Ahead of the upcoming COP28, climate activists talk about the need for active participation of rural women in climate action in India
Climate change, if unchecked, could push about 158 million more women and girls into poverty by 2050, according to a report, Progress on the Sustainable Development Goals: The gender snapshot 2023, launched last week. Yet, in last year’s United Nations global conference on climate change, COP27, there were only seven women leaders among 110 attendees. Ahead of the upcoming COP28 in November, climate activists in India are demanding long-deserved inclusion in climate action, especially for rural women.
“For years, reports and studies have shown that women are disproportionately affected by climate change. But in urban narratives of India and the global north, women, specifically rural women, are only talked about in terms of being victims and beneficiaries, not as the powerful allies that they can be,” says Divya Hedge, a climate action entrepreneur who is part of the recently launched Women Climate Collective (WCC), an online community advocating for women-inclusive climate action in India.
Even when awareness programs reach rural areas, there is a tendency to look at the issues through an urban lens and communicate in a language that is not familiar to them, Hedge points out.
It’s not warnings about global warming of 1.5°C or photos of polar bears on melting glaciers that people in villages connect with. They look at it as livelihoods; droughts, migration, and flooding that directly affect their food and shelter needs. Even in villages, it’s women who feel the most impact as they bear a disproportionate responsibility for arranging food and water.
“I work with women in coastal regions who know now there is an equal amount of plastic and fish in the ocean. It’s their cooperatives that sell the fish so they are aware of climate change’s effect on the quality and quantity. The first step is to understand what awareness can also look like. Then comes their involvement in climate mitigation efforts. Equipping them with skills that generate income while also helping the environment should be the focus,” Hegde says.
Divya Hegde, co-founder of Baeru.
(Women Climate Collective)
For instance, through Baeru, her waste management initiative based in coastal Karnataka, Hegde teaches women collection, segregation, upcycling and recycling of ocean waste that also bolsters their income. They also raise awareness about the circular economy by linking awareness campaigns to people’s roots. For instance, as grandmothers often reuse clothes as mops or carry a mud pot to the fish market instead of using plastic bags, Hegde ran a campaign, Listen to Nim Ajji (Listen to your grandmother). Awareness and action are also about involving women by speaking in their language.
It’s this active participation of women in climate action that another WCC-associated climate activist Varsha Raikwar, who lives in the Niwari district of Bundelkhand, has also been emphasising.
Raikwar has been working as a radio jockey at Radio Bundelkhand 90.4 since 2017, where she runs a program, Shubh Kal, focused on climate change awareness in villages. With more than five lakh listeners from 150 villages around Bundelkhand, Raikwar has been harnessing the power of the community to drive change in the villages in and around Bundelkhand. From reporting on the effects of climate change on various aspects of daily life such as women’s health, to talking to groups of women about rainwater harvesting and kitchen gardening, Raikwar’s focus is often the women in the villages.

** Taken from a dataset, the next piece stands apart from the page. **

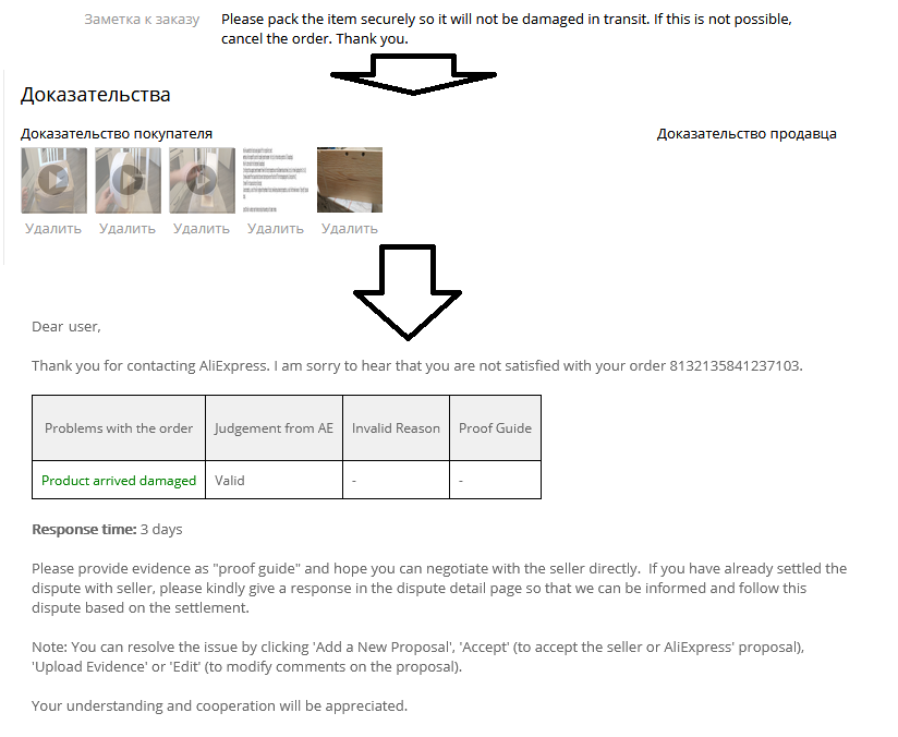 Отсюда два вопроса: 1) что от меня хочет алиэкспресс, когда пишет: Please provide evidence as "proof guide" 2) мне ждать 3 дня или сразу можно отказываться, чтобы оспаривать решение?

“They have seen lakes drying up, pollution from nearby factories, and how low crop yield affects their livelihoods. What they need is for someone to sit and tell them what they can do. They are not included in gram sabhas and they often don’t even know it’s happening. Their absence is forced. But without the women, who are the centre of families in our society, how can climate action be properly implemented?” Raikwar says.
One of the primary ways of exclusion, from gram sabhas and panchayats, has to become a way of inclusion. It’s through inclusion in politics and policymaking that women’s voices can be heard in decision-making, Hegde says. It’s important to involve women in the intersection of climate adaptation, mitigation and resilience. Involving more women in addressing the political roots of exclusion is an important way forward.
Both Raikwar and Hedge emphasise that the narrative around rural women needs to change. Instead of clubbing them together with children and labelling them as vulnerable groups, it’s important to see them as a separate group of allies whose knowledge and skills are pivotal to climate action initiatives.